血に気を取られて、空気を読まない人の気配が近づいてくるのに、気づくのが遅れた――。
「あの、すみません。……ここって『なかよし公園』で、合ってますか?」
不安気な若い女の子の声が、すぐ横から聞こえてきた。
真っ直ぐに、僕を見上げる。
「……そうです」
どこか見覚えのあるような……いや、女の子をこんな至近距離で見るのが久しぶりのせいだろう。

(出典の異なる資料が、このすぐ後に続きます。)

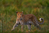 Wildlife nature, Botswana wildlife. Leopard in green nice orange grass. Leopard walk. Big wild cat in the nature habitat, sunny day on the savannah, Khwai river.
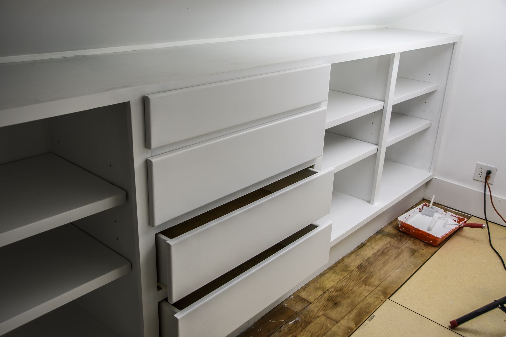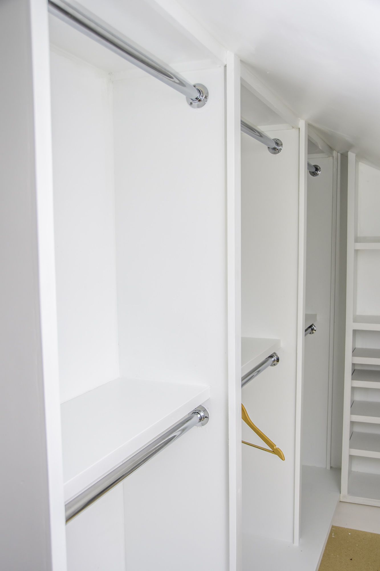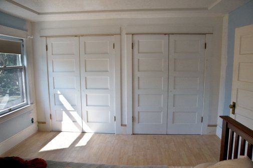 These closets are at opposite ends of the room. I built the odd size bypass doors in my shop.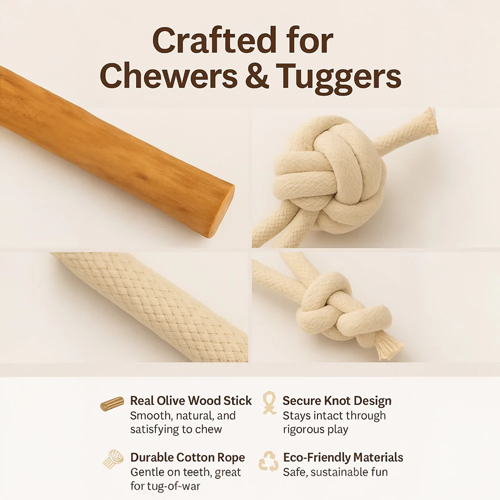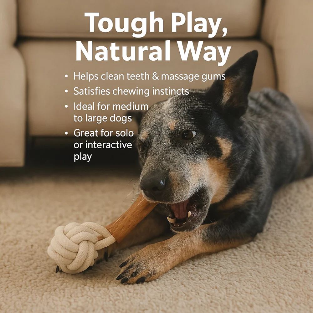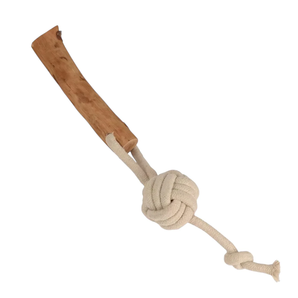 Talking Dog Club Natural Ball & Stick Tug Toy for Dogs (White and Brown)

同い年くらいの女の子、ピンク色のマフラーをしている。
びっくりしたが、表情には出なかったと思う。
思春期真っ只中の僕は、素っ気ない感じで答えた。
「はぁ、やっぱり、ここだったんだぁ。まぁ十年も経つと、そうなるわよねぇ」
ほぼ空き地の公園に視線を移して、ため息交じりにつぶやいた。
「狭いなぁ~、記憶と違って……」
横でしみじみし出したぞ。
なんか雰囲気が、知ってる奴に似てる気がする…………でも……まったく思い出せない。気づかれないように、観察したが……やっぱり、初めまして、だな。うん。
「あの、指……大丈夫ですか?」
しみじみを出し切ったのか、再度こっちを向くと血だらけの僕の指を、指さした。
なんだ、気づいてはいたのか。
「……ああ、舐めとけば大丈夫です」
少しジンジンするけど、その程度。この見知らぬ女の子と一緒の状況のほうが、メンタルを消費しそうだ……もう、帰ってもいいかな。
そんな僕の感情は無視されて、
「ダメよ、消毒しなきゃ!」
跳ねた声に、ビクっとなる。
女の子の変な正義感スイッチを押してしまったのか。
(ええっ、まだ話しが続く感じですか?)
「傷口から細菌が入って、化膿したり、最悪の場合それが全身に広がって……」
続く、しかもかなり大袈裟に。
「いや、大袈裟な」
「いやいや、この前見た古い映画で、指を怪我しただけで死んじゃったのよ。犯人だったんだけど…………すごい有名な映画で……監督も有名で、確か…………うーん、タイトルが出てこない!」
映画のタイトルを思い出すのに、目的が変わってしまったようだ。
なんだろう、さっきからの既視感。このお互いの感情の高低差と、一方的に喋り続けるのも、なんだがツボに入って、自然に口元が緩んだ。
「あっ、えくぼくろ」
僕の頬を指さす。
「えっ」
反射的に、手でえくぼを隠した。
女の子が一歩下がって、値踏みするように、上から下に、下から上に僕を見つめてから、もう一度。
大きな丸い目で、僕の目をじっと探るようにのぞき込む。
この目は確かに見たことがある。
(うあぁっ)
今、完全に思い出した――。
心臓がドキドキする。
相手も何かを確信したようだ。
これは、多分、あれだ。
こういう時は……なんて言えばいいんだっけ。
「ようちゃ……えっと、太陽……くん?」
先に声をかけられて、
「あーっと、あさひ……さん?」
同じように返して。
お互い、新しい呼び方を、今、決めた(仮)。